▶ _Collected material_:
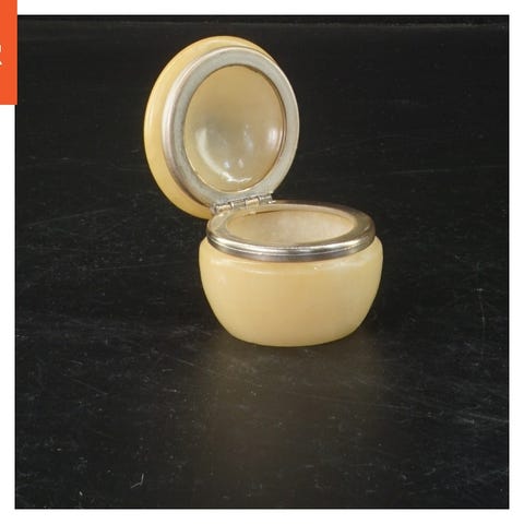 Et lille dekorativt skrin med mønster. Skrinet er lavet af forskellige materialer og har en messinglås foran. Målene er 6x4,5x3,5 cm. Skrinet har et unikt mønster med grøn, hvid og violette nuancer. Indersiden er sort og viser tegn på brug.
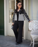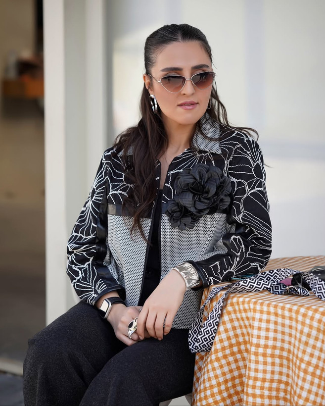 کتوشلوار زنانهای با ترکیب خاص پارچهی شنل کره و شانا قیطوندوزی، همراه با نوار چرمی دوزیشده و اکسسوری گل چرمی دستساز برای خانمهایی که میخوان استایلشون ترکیبی از ظرافت، قدرت و لوکس بودن باشه.
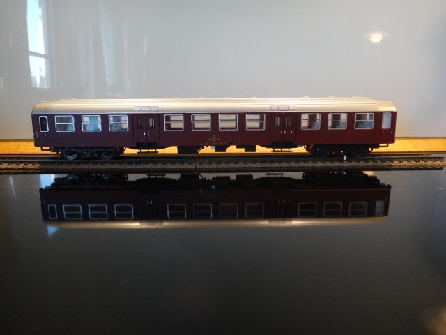 Vinrød Bn-passagervogn litra Bn fra DSB med övergangslitrering cirka 1968-73. Det var i løbet af denne periode, at DSB skiftede fra vinrøde (brune) passagervogne til det postkasserøde design, og hvor den gamle statsvirksomhed blev et moderne ledet foretagende med ny energi og vitalitet.
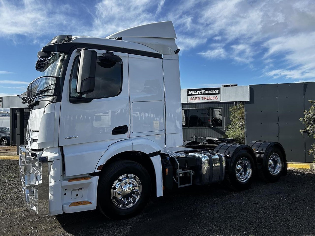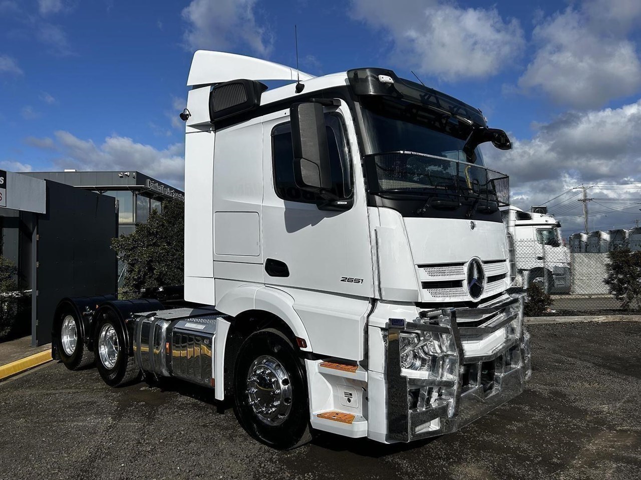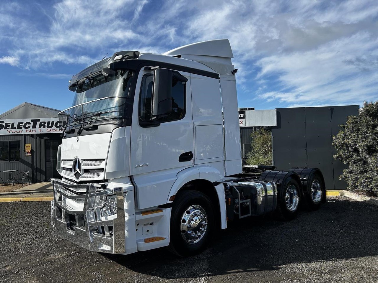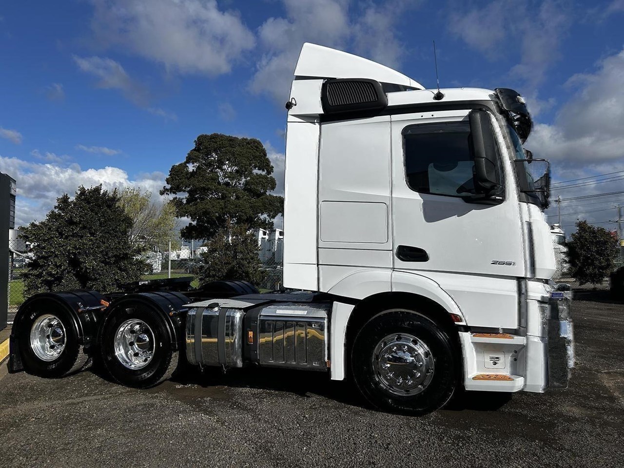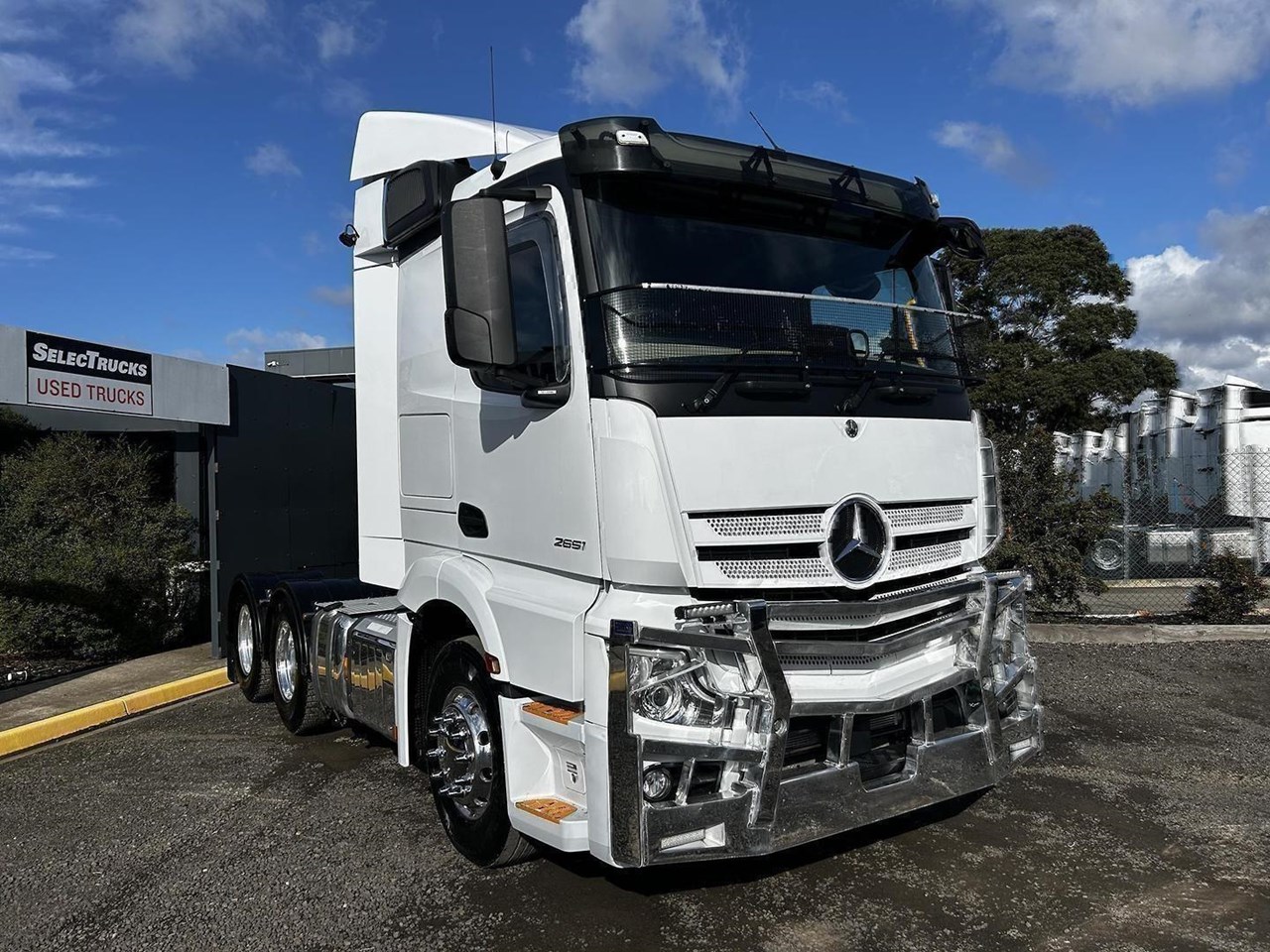 *~\r\nCHOICE OF 5 *~\r\n2021 Mercedes-benz Actros 2651 6x4 prime mover, m-benz 510hp, auto transmission, m-benz diffs, 70 tonne rated, abs, integrated mid roof sleeper cab with bunk cooler , alloy bullbar, alloy rims, ex major fleet truck with excellent service history , comes with vic RWC & 3 months or 50,000klms selectrucks drive-line warranty , KLMS START FROM 600,000-700,000 !

▶ _Your goal_: Please, leaving out all pictures, transcribe exactly the lines above from the one containing "کتوشلوار زنانهای با" through the final line, both included.

▶ _Response to this task_:
 کتوشلوار زنانهای با ترکیب خاص پارچهی شنل کره و شانا قیطوندوزی، همراه با نوار چرمی دوزیشده و اکسسوری گل چرمی دستساز برای خانمهایی که میخوان استایلشون ترکیبی از ظرافت، قدرت و لوکس بودن باشه.
 Vinrød Bn-passagervogn litra Bn fra DSB med övergangslitrering cirka 1968-73. Det var i løbet af denne periode, at DSB skiftede fra vinrøde (brune) passagervogne til det postkasserøde design, og hvor den gamle statsvirksomhed blev et moderne ledet foretagende med ny energi og vitalitet.
 *~\r\nCHOICE OF 5 *~\r\n2021 Mercedes-benz Actros 2651 6x4 prime mover, m-benz 510hp, auto transmission, m-benz diffs, 70 tonne rated, abs, integrated mid roof sleeper cab with bunk cooler , alloy bullbar, alloy rims, ex major fleet truck with excellent service history , comes with vic RWC & 3 months or 50,000klms selectrucks drive-line warranty , KLMS START FROM 600,000-700,000 !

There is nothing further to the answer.